C.H.:  After I wrote The White Masai, readers kept asking me when I was going to write about my daughter’s first time in Kenya. It took years, the reading of letters exchanged with her father’s family and my stories for Napirai to get over her shyness and fears and to prepare her for her first trip to Africa. The decisive factor was a very touching letter from James, my ex-husband’s younger brother, who wanted to meet his niece in Barsaloi.

We left in August 2010 and the experience in the land of her birth overwhelmed Napirai. The first meeting with her father at Maralal was moving and the subsequent trip to Barsaloi allowed her to get closer to the real Africa. Her embrace with her grandmother was an indescribable moment of great emotion.

My daughter also met her four stepsisters and one stepbrother from her father’s second marriage, uncles and aunties and cousins. The ties to them and Kenya have become stronger and indissoluble. Now I can really say that Africa is my passion.

Hofmann was born on June 4, 1960 in Frauenfeld to a German father and French mother.

She studied in canton Glarus and later opened a shop selling second-hand wedding dresses in Biel in canton Bern.

Her life changed when in 1986 she took a holiday in Kenya with her fiancé. In a hotel in Mombasa she met and fell in love with a handsome Masai warrior named Lketinga, who was going traditional dances for tourists.

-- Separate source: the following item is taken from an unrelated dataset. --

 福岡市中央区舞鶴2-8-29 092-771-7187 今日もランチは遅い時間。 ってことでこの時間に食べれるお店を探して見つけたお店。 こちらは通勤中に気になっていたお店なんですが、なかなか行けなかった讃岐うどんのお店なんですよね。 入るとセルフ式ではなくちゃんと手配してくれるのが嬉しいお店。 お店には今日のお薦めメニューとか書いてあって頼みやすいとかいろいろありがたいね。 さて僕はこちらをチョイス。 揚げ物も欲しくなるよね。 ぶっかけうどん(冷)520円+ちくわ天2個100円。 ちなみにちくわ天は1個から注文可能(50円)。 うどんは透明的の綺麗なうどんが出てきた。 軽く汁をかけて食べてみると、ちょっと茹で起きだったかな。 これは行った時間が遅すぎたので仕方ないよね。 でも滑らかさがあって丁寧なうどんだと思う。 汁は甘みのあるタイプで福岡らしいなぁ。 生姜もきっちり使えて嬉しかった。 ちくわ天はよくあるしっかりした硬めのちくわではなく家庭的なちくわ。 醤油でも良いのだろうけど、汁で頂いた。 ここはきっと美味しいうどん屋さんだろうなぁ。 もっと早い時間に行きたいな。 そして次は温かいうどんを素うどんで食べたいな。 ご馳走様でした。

She broke up with her fiancé, sold the shop and left for Kenya and married Lketinga in 1988. Napirai was born in 1989 but already the marriage was suffering from Lketinga’s jealousy, which was boosted by his drinking and addiction to qat, and Hofmann’s health problems from living in harsh conditions.

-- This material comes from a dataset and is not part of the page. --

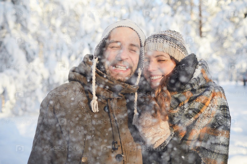 Любящая пара наслаждается снегопадом

In 1990 Hofmann fled to Switzerland on the premise of introducing Napirai to her family.

She later filed for divorce.

Hofmann worked in insurance and still sent money to her ex-husband and family.

In 1998 the white Masai was published to great success. It was translated into 17 languages. In 2004 it was made into a film.

Other books followed after reader pressure: Back from Africa in 2002 about her life in Switzerland and Reunion in Barsolai, 2005, about Hofmann’s return to Kenya 14 years after leaving.  Africa, my passion , was published in German on May 25.

It was the topselling book in German-speaking Switzerland by June 22.

The following books are available in English (translated from German):

The White Masai

Back from Africa

Reunion in Barsolai (all Arcadia Books Ltd)

Africa, my passion  is under preparation in English, according to Hofmann’s website.